Und dann ist da noch Pias Bruder Lukas (Konrad Singer), der als Metapher für die deutsche Gesellschaft einen Schlaganfall bekommt. Fortan – Neurologin Gloria erklärt es ihm höchstpersönlich, um so an Pia heranzukommen – hat er einen blinden Fleck: einen kaputten Teil des Gesichtsfelds, der vom Gehirn mit einer Halluzination gefüllt wird: Ein mit dem Smartphone filmender Jesus verfolgt ihn nun auf Schritt und Tritt.

„Sabotage“ von Yael Ronen ist handwerklich gut gearbeitet

Also: Alle sabotieren in einem fort sich und die anderen. Das ist handwerklich gut gearbeitet, die Dialoge laufen wie am Schnürchen, die Pointen lösen einen Lacher nach dem nächsten aus und die Charaktere sind bis in die Namen gekonnt überzeichnet: Die herrliche Gloria und ihr Mann, dessen Name schon „Taube“ bedeutet; die Fromme, Pflichtgetreue, die als Therapeutin eine Art libidinös aufgeladenen Priesterinnenersatz bildet, mit dem Evangelisten-Bruder, der von Jesus verfolgt und sogar bekehrt wird.

Das Publikum nimmt all das dankend an. Schon der erste Lacher scheint etwas zu lösen: Endlich dürfen wir lachen. Über diese anstrengenden Diskussionen über Nahost, über die zerbrochenen Freundschaften, die eigenen Gewissenskämpfe.

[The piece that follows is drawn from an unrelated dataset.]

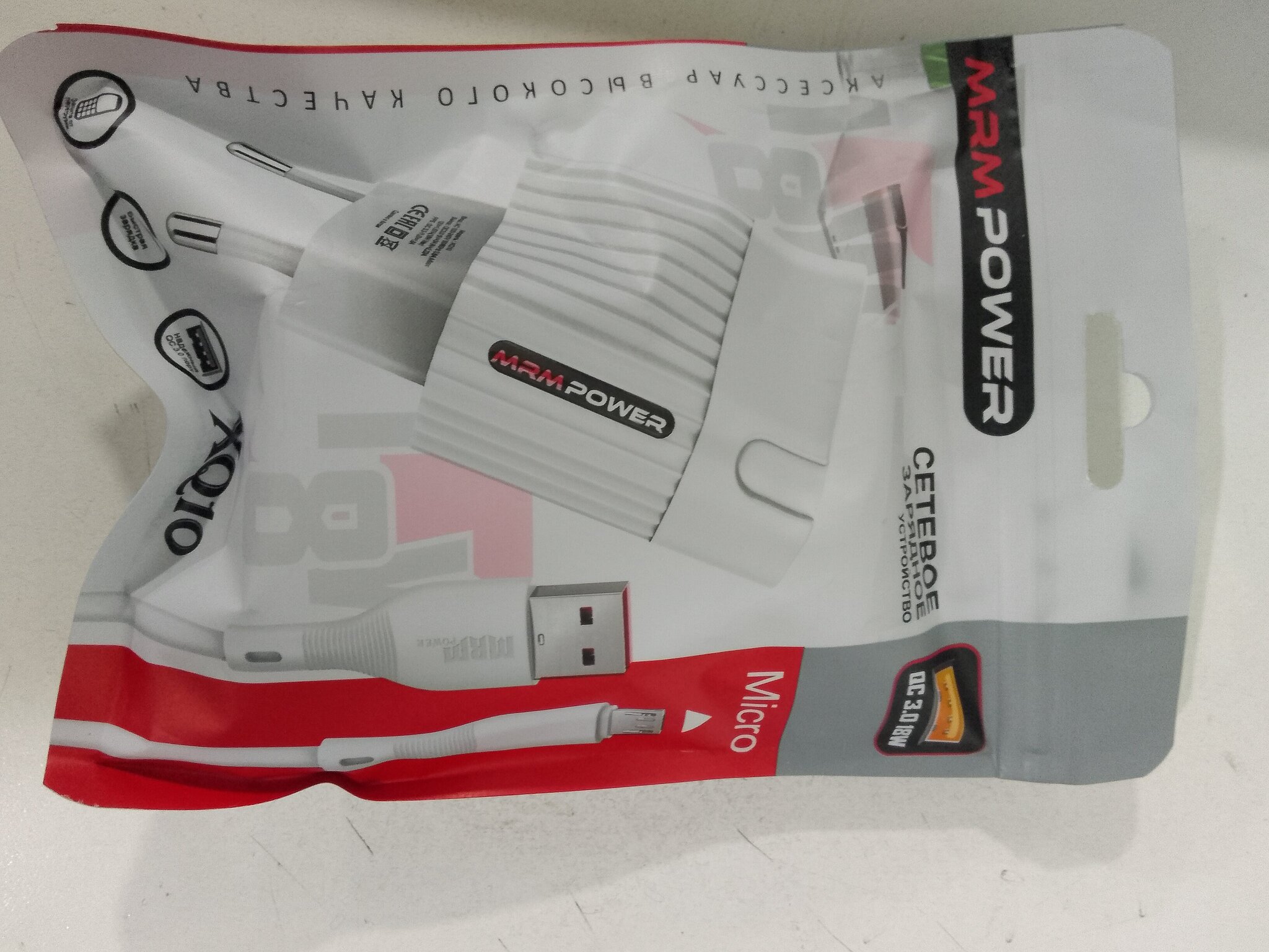 Сетевое зарядное устройство Micro USB MRM XQ10 QC3.0 5V/3.1A 18W белое

Doch letztlich wirkt das alles doch etwas glatt. Als verberge sich der Text hinter dem Klamauk. Man darf, wie gesagt, der Autorin nicht die Aussagen ihrer Figuren zuschreiben. Aber der Kritik sollte man sie trotz der humoristischen Rüstung unterziehen. Dass Israel in Gaza einen Genozid begeht, dass Leibowitz’ Wort von den „Judeo-Nazis“ wahr geworden sein soll, das steht hier nicht mehr zur Debatte. Gleichzeitig kommt der explodierende Antisemitismus infolge des 7. Oktobers höchstens andeutungsweise vor, das Massaker selbst gar nicht mehr.

So kommt der Verdacht auf, dass hier vor allem humoristische Komplizenschaft entsteht: Die Juden als Nazis – darüber wird man ja wohl noch lachen dürfen!